The plain-English *why*, shown **alongside** the statistical evidence
it was reasoned from, not instead of it — so you can check the claim
yourself. In testing, the AI correctly identified a genuinely random,
non-matching corruption and proposed real alternative hypotheses (a
bad join, a mis-wired column) instead of inventing a pattern that
wasn't there.

## Privacy & data handling

`--explain` sends mismatched cell values to the Claude API. Before
that happens, values are checked against a redaction layer — emails,
SSNs, credit card numbers, US phone numbers — **on by default, no flag
needed.** Anything masked is called out in the output
(`Redacted before sending to Claude: email`).
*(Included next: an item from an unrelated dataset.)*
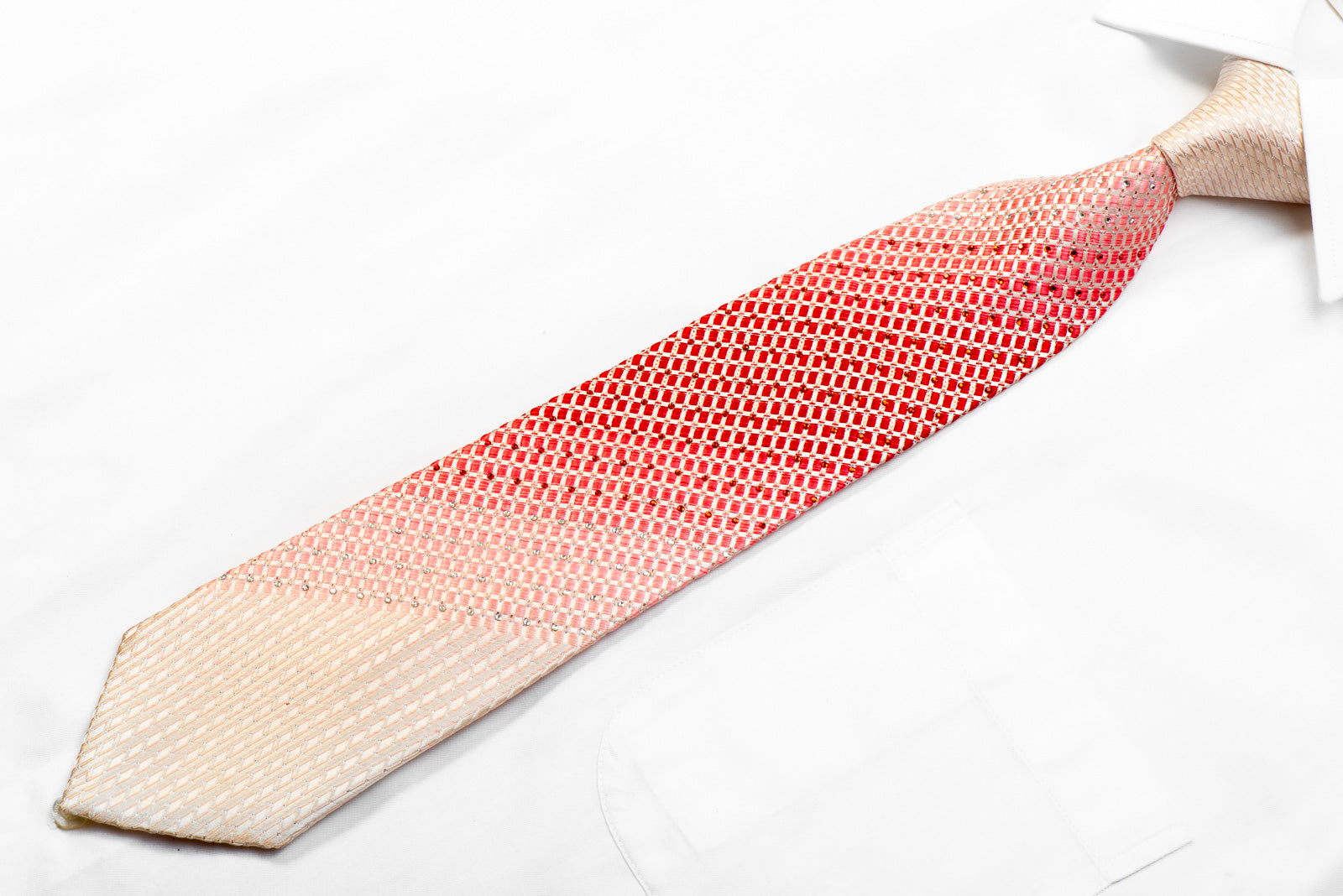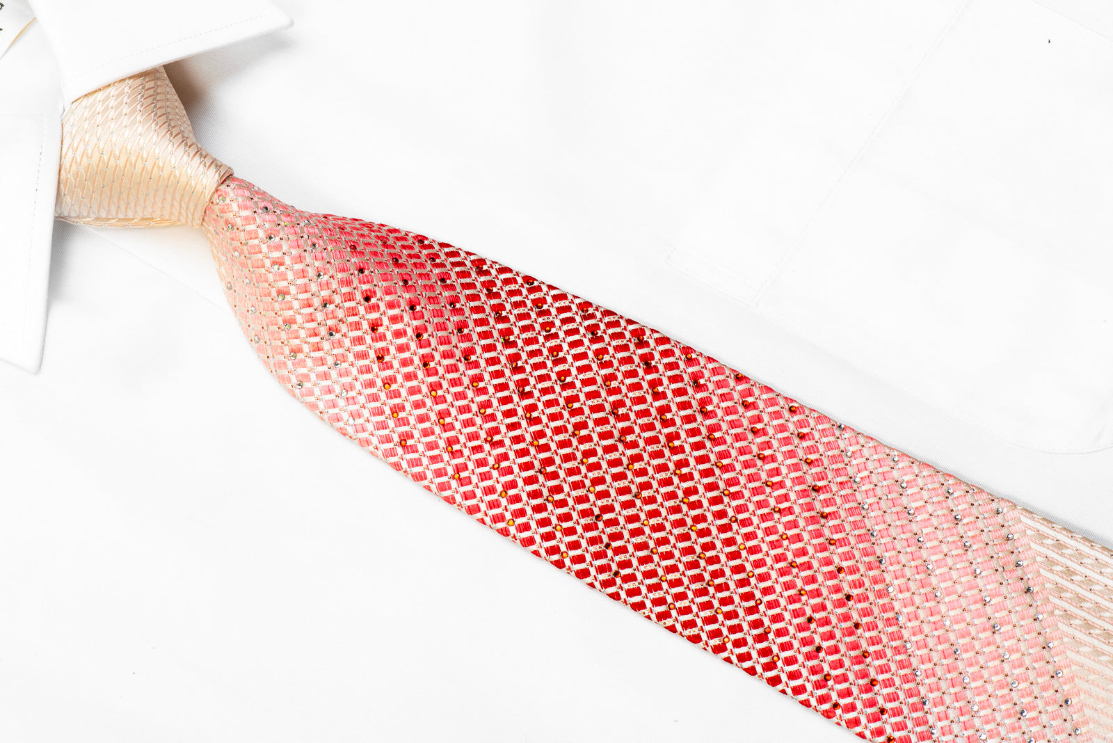 Material - Seda Design - Geométrico Cor - Rosa, Vermelho Comprimento - Clássico (57 pol.-60 pol.)(145 cm-153 cm) Largura - Clássico (3 1/4 pol.-3 3/4 pol.)(8 cm-9,5 cm) Recursos especiais - Strass de cristal, brilhos dourados, strass vermelhos, brilhos prateados Fornecedor - San-Dee

Disable with
`--no-redact` if you've already vetted your data.

Be precise about scope: this is pattern-based detection of
*structurally recognizable* sensitive data, not a general PII scanner
— it won't know that a name or a home address is sensitive. Full
detail, including a documented false-positive case found during
testing (long numeric IDs can resemble card numbers):
[`SECURITY.md`](https://github.com/tracelore/wherefore/blob/main/SECURITY.md).

## All flags

<details>
<summary>Expand</summary>

```bash
wherefore compare SOURCE TARGET [OPTIONS]

  --key TEXT                   Join key column. Auto-detected if omitted.
  --fuzzy-keys                 Allow approximate key matching (e.g. 'CUST-001' vs 'CUST001').
  --output TEXT                Where to write the report (default: report.md).
  --confidence-threshold FLOAT Minimum confidence to count as a pattern match (default: 0.9).
  --explain                    Generate plain-English AI explanations via the Claude API.
                                Requires ANTHROPIC_API_KEY. Makes real, billed API calls. Off by default.
  --no-redact                  Disable automatic redaction of emails/SSNs/cards/phones before
                                sending data to Claude with --explain. Redaction is ON by default.

wherefore compare-dir SOURCE_DIR TARGET_DIR [OPTIONS]

  --output-dir TEXT             Directory for one report per pair (default: reports).
  --key, --fuzzy-keys, --confidence-threshold, --explain, --no-redact   Same as `compare`, applied to every pair.
```
</details>

## Contributing

Contributions are welcome, especially new taxonomy patterns. Start
with [`CONTRIBUTING.md`](https://github.com/tracelore/wherefore/blob/main/CONTRIBUTING.md) — the pattern contract, why
patterns are built corruptor-first rather than YAML-first, and the
design decisions worth knowing before you dig in.

Found a security issue? See [`SECURITY.md`](https://github.com/tracelore/wherefore/blob/main/SECURITY.md).

## License

Apache License 2.0 — see [`LICENSE`](https://github.com/tracelore/wherefore/blob/main/LICENSE). Contributions are
accepted under the same license (see `NOTICE` for attribution).